Через пять минут глаза у Никиты Иваныча стали заплывать. Яд действовал быстро. Пока он пришел к своей избе, от глаз остались щелочки. По дороге успел заметить инвалида Пухова, который сидел на скамеечке у ворот и, выставив деревянный протез, как ствол пулемета, смотрел вдоль улицы.
– Иваныч! – позвал Пухов. – Айда покурим!
Аникеев гордо прошагал мимо. У себя во дворе он выкатил из сарая велосипед и стал накачивать переднее колесо.

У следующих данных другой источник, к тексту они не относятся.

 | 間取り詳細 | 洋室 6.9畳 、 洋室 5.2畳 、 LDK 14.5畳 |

– Куда это? – спросила Катерина. – Не завтракамши-то?
– Не ваше дело, – буркнул Завхоз.
– Кто тебя приласкал-то с утра? – засмеялась старуха, имея в виду заплывшие глаза. – Экий ты справный стал!

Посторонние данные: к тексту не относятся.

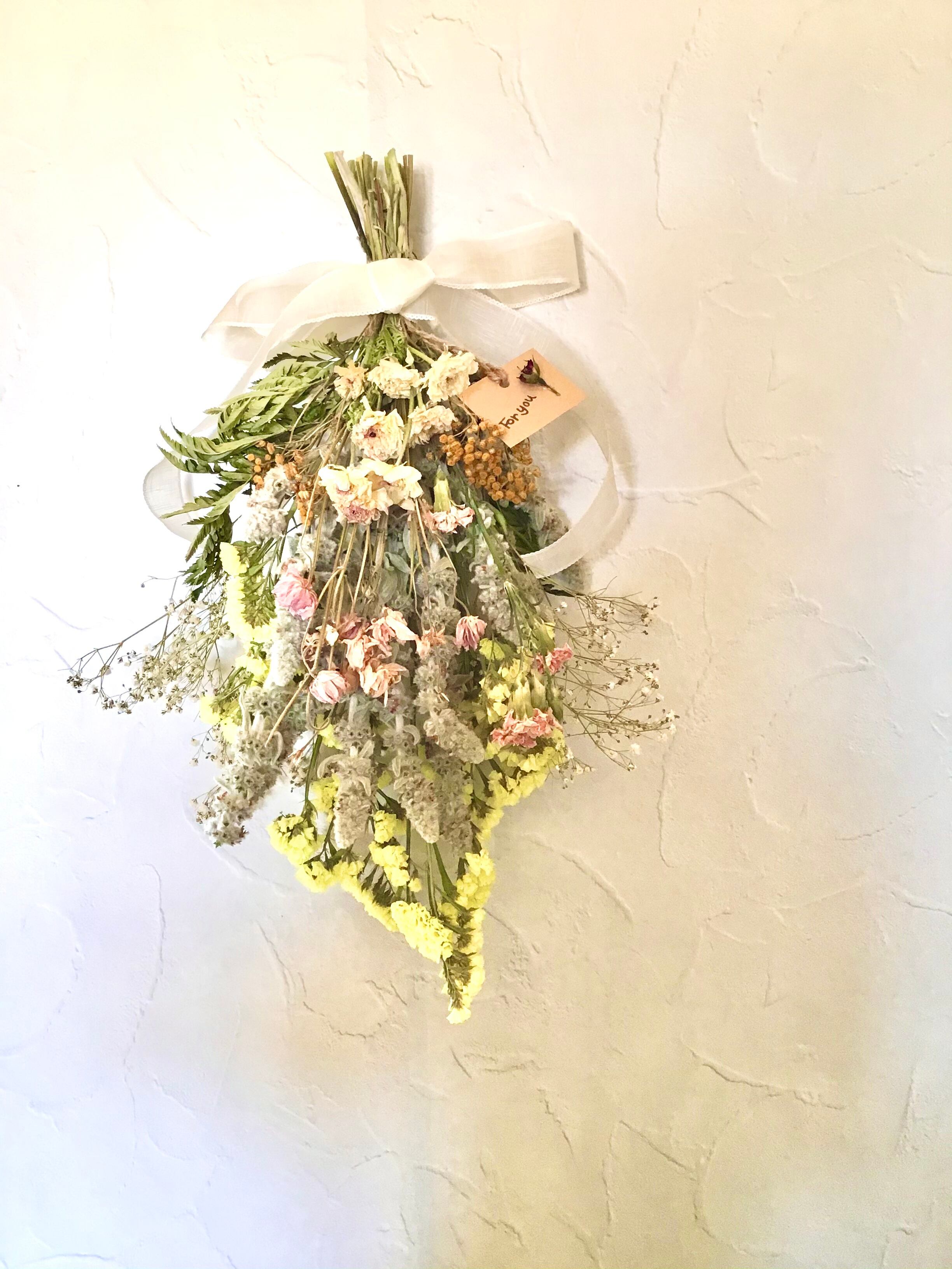 ドライフラワーですので時とともに退色していきますがアンティークな風合いもお楽しみいただけます

– Чтоб Ивана в моей избе – ноги не было! – сурово сказал Никита Иваныч. – А его улей я назад отдам. Мне чужого не надо.
– У-у, понесло тебя! – развеселилась Катерина. – Ириша, ну-ка иди сюда, глянь-ка на нашего отца, чего это с ним?
В молодости она побаивалась мужа, не то что слова поперек, а лишнего опасалась сказать. Никита Аникеев крутой мужик был, хоть и не бивал жену, но чуть что не по нему – кулаком о стол: мать-перемать! Не прекословь! А как состарилась – все нипочем ей стало. Никита Иваныч говорит: заведи-ка мне, старуха, лагушок медовухи. Она – нечего мед переводить, ты и без медовухи всегда веселый.

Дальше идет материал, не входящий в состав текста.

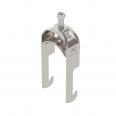 Clamp clip with W-foot, metal pressure sleeve with rounded edges to protect the cable. For vertical and horizontal mounting of 1 single cable on angle irons with shaft length 40 mm. With 1-start screw thread on pressure sleeve, universal hexagonal screw head WAF10, with slot and cross recess. Suitable for assembly indoors and outdoors. We recommend the use of a counter-sleeve.
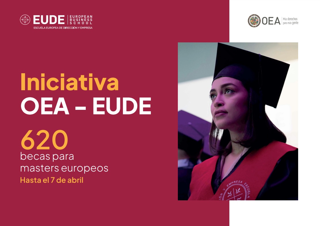 El programa OEA-EUDE 2025, ofrecido por la Secretaría General de la Organización de los Estados Americanos (SG/OEA) y la Escuela Europea de Dirección y Empresa (EUDE). Este programa brinda a los ciudadanos de los Estados Miembros de la OEA la oportunidad de cursar Maestrías en la EUDE. Los programas de maestrías se impartirán en la modalidad a distancia y presencial (España) en idioma español y con una duración de 12 meses.

Старуха вышла из повиновения, и он с этим никак не мог примириться.
– Коли ты в село – хлеба купи, – предупредила Катерина. – Тогда я квашню ставить не буду.
– Мне не до хлеба, – отмахнулся дед Аникеев. – Я по другому делу.
– У вас у всех дела, – разворчалась старуха. – А я вас корми-пои! За день не присядешь, как заведенная. Помогать никто не желает! Небось за стол, так…
Она оборвалась на полуслове, потому что скрипнула чердачная дверь и на приставной лестнице показалась Ирина. Никита Иваныч бросил насос и придержал лестницу.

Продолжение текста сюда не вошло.